### Dataset content
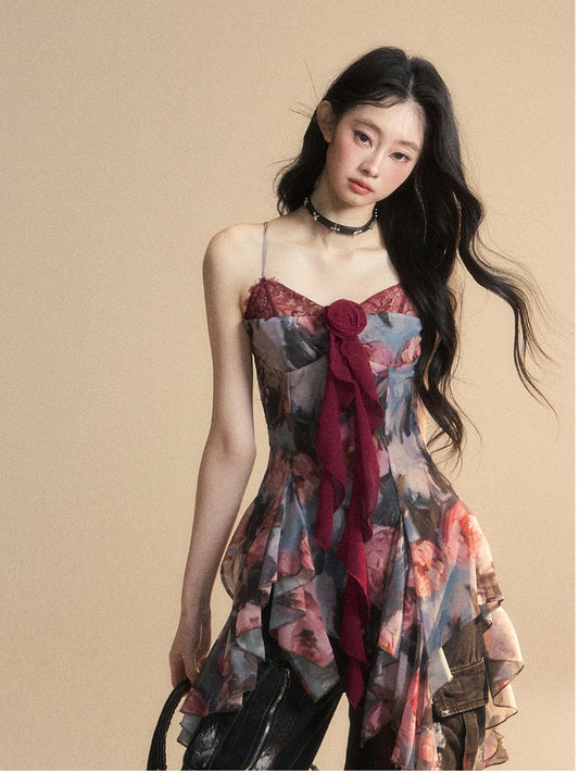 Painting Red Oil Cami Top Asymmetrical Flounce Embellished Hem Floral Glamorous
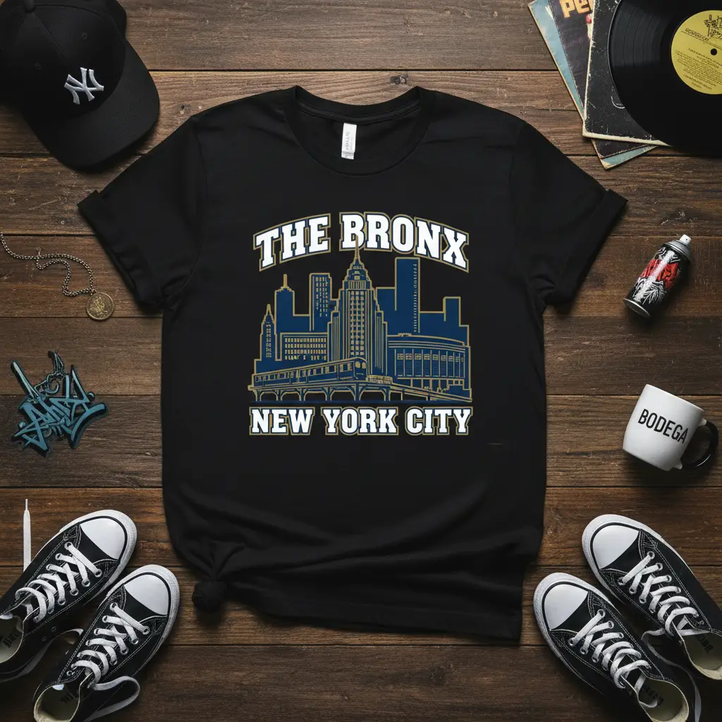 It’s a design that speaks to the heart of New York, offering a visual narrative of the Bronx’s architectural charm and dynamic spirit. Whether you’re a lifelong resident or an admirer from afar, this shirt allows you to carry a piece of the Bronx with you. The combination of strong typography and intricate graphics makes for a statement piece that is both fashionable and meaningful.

* * *

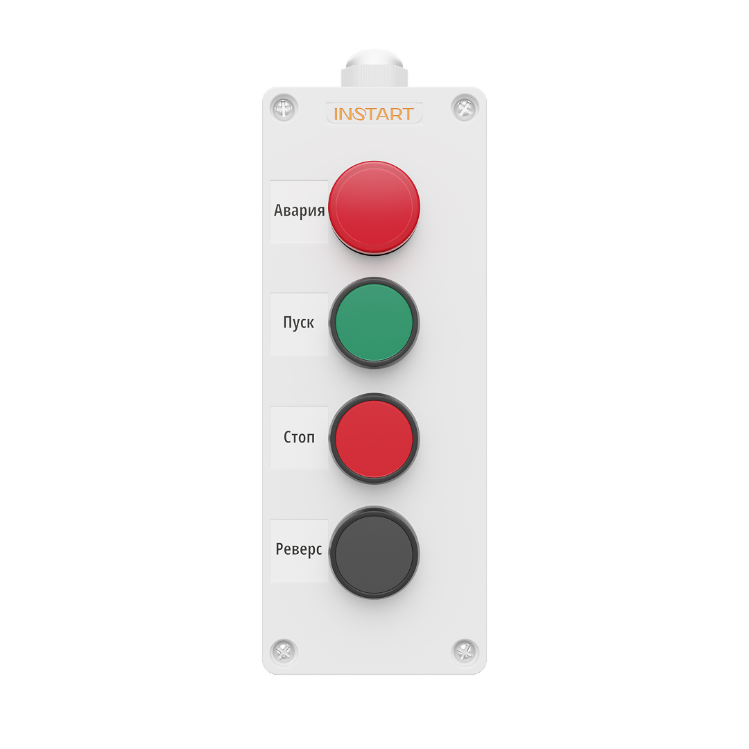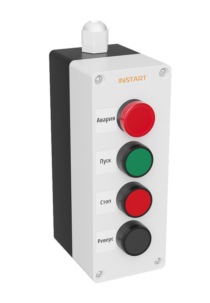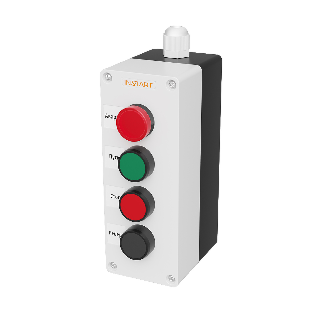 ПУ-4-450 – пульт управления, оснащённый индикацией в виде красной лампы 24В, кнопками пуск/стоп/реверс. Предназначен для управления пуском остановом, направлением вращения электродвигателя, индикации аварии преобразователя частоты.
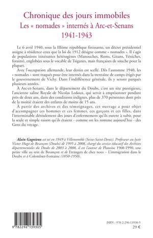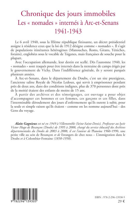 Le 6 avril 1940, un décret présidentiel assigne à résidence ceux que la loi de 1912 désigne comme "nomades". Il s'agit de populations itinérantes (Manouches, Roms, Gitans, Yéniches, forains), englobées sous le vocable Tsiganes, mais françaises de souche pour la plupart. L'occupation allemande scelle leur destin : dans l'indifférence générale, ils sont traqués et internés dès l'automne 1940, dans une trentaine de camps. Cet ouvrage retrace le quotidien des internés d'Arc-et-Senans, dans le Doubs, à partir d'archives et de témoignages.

### Work order
Using the entries above, extract exactly the lines from the one that contains "Painting Red Oil" through the one that contains "It’s a design". Do not carry over any pictures.

### Written answer
 Painting Red Oil Cami Top Asymmetrical Flounce Embellished Hem Floral Glamorous
 It’s a design that speaks to the heart of New York, offering a visual narrative of the Bronx’s architectural charm and dynamic spirit. Whether you’re a lifelong resident or an admirer from afar, this shirt allows you to carry a piece of the Bronx with you. The combination of strong typography and intricate graphics makes for a statement piece that is both fashionable and meaningful.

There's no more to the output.